Information provided >>
++++++++++++++++++++
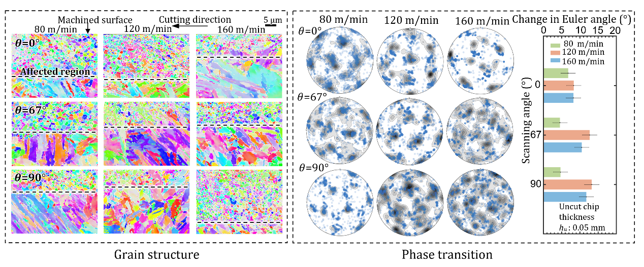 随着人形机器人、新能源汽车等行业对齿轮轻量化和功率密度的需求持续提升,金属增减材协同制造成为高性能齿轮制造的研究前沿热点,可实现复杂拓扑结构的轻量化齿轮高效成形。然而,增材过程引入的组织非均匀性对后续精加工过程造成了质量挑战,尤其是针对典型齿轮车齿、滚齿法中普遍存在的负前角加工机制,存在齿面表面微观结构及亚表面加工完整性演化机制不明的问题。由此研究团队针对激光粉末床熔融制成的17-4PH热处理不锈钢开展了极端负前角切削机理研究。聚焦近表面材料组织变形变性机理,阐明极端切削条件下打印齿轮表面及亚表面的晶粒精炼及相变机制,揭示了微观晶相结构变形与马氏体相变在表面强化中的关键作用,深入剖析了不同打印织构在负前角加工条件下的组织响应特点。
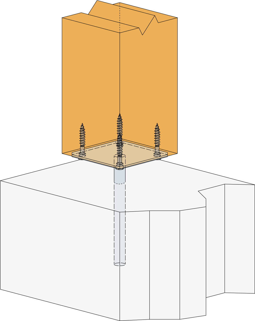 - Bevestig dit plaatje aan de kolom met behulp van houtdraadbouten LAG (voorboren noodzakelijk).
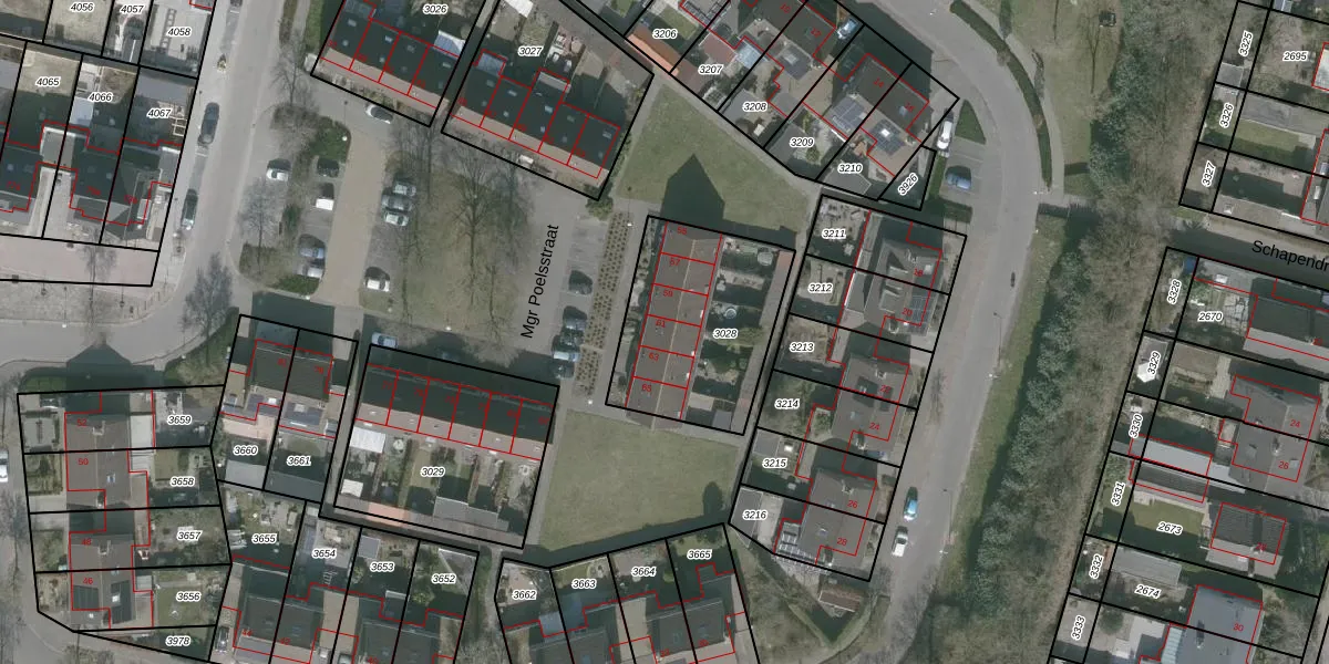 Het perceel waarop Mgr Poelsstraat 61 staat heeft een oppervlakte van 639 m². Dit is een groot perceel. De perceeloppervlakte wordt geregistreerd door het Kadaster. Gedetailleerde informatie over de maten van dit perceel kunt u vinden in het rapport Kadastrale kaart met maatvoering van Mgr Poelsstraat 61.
++++++++++++++++++++
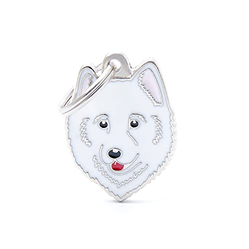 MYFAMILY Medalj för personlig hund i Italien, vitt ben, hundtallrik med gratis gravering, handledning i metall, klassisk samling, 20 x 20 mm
++++++++++++++++++++
Try it >> Nothing but the lines from the one with "- Bevestig dit" to the one with "Het perceel waarop" above, both included, should be transcribed, exactly and without pictures.

Response >>
 - Bevestig dit plaatje aan de kolom met behulp van houtdraadbouten LAG (voorboren noodzakelijk).
 Het perceel waarop Mgr Poelsstraat 61 staat heeft een oppervlakte van 639 m². Dit is een groot perceel. De perceeloppervlakte wordt geregistreerd door het Kadaster. Gedetailleerde informatie over de maten van dit perceel kunt u vinden in het rapport Kadastrale kaart met maatvoering van Mgr Poelsstraat 61.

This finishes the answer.